▶ Assignment
Among the entries, which lines carry the string "mole"? Copy each of them.

Top of Source information

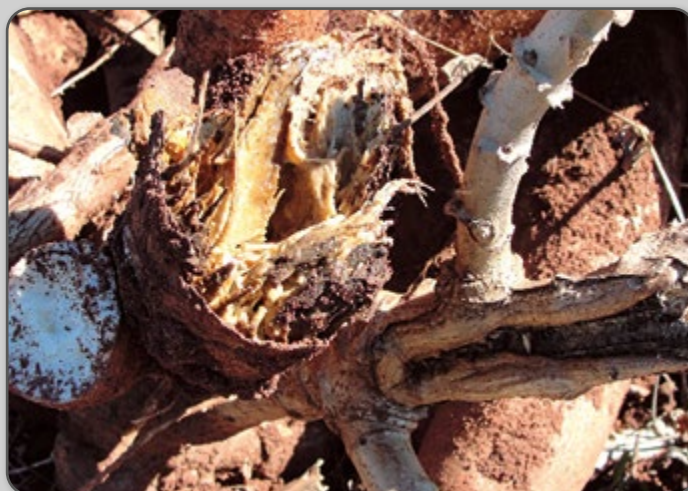
Figura 50 – Podridão mole causada por Phytophthora sp.

A podridão mole, causada por Phytophthora sp., ocorre em plantas mais velhas, em solo com pH mais neutro e em áreas mais encharcadas.
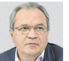
ВАЛЕРИЙ ФАДЕЕВ ПРЕДСЕДАТЕЛЬ СОВЕТА ПО ПРАВАМ ЧЕЛОВЕКА ПРИ ПРЕЗИДЕНТЕ РФ

Есть тема разграничения политических и социальных прав, мол, это разные сферы. Но я с этим категорически не согласен. Мы равно обращаем внимание на обе сферы. Так, в декларации упоминается свобода от нужды — мы начали плотно заниматься этой темой, в частности, вопросом низких реальных доходов медиков. И сейчас Россия имеет реальную возможность стать мировым лидером в сохранении, развитии и защите идеологии прав человека.
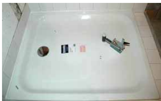
Abb. 3: Anschlagpunkte für die Benutzungsgeräusch Anregung mittels genormtem EMPA-Pendelfallhammer
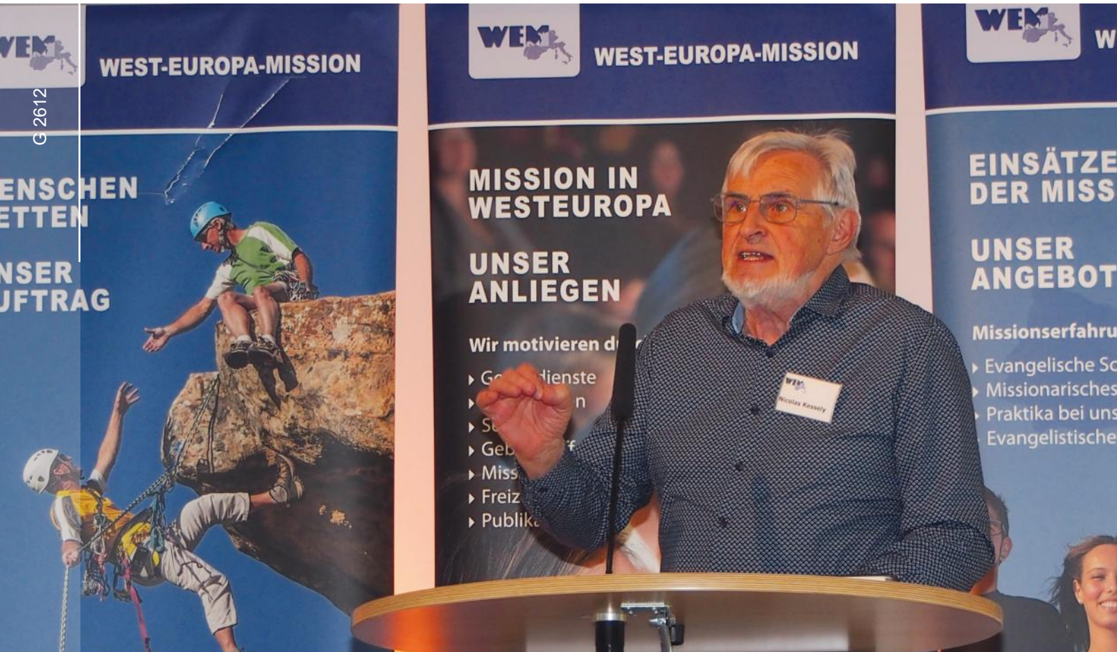
Jesus Christus – der treue und souveräne Herr der Mission 49. Jahreskonferenz
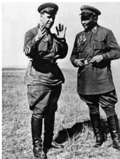
1- ( - ),
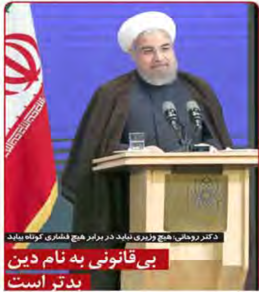
دکتر روحانی، هیچ وزیری نباید در برابر هیچ فشاری کوتاه بیاید بی قانونی به نام دین بدتر است

۱۹ دی، سازمان امور خارجه ایران اعلام کرد که استفاده روسیه از پایگاه هوایی همدان برای حملات به تروریست‌ها در سوریه منسوخ شده است.
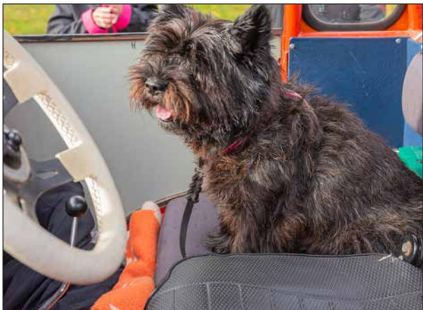
Tänk att få sitta framme hos lokföraren!

Denna dag gick tåget från 3 stationer, nya Bergmästaren var först ut. Här fick vi med en extra passagerare, en söt fyrbent vän som följde med matte på resan.

Bottom of Source information

▶ Task solution
Figura 50 – Podridão mole causada por Phytophthora sp.
A podridão mole, causada por Phytophthora sp., ocorre em plantas mais velhas, em solo com pH mais neutro e em áreas mais encharcadas.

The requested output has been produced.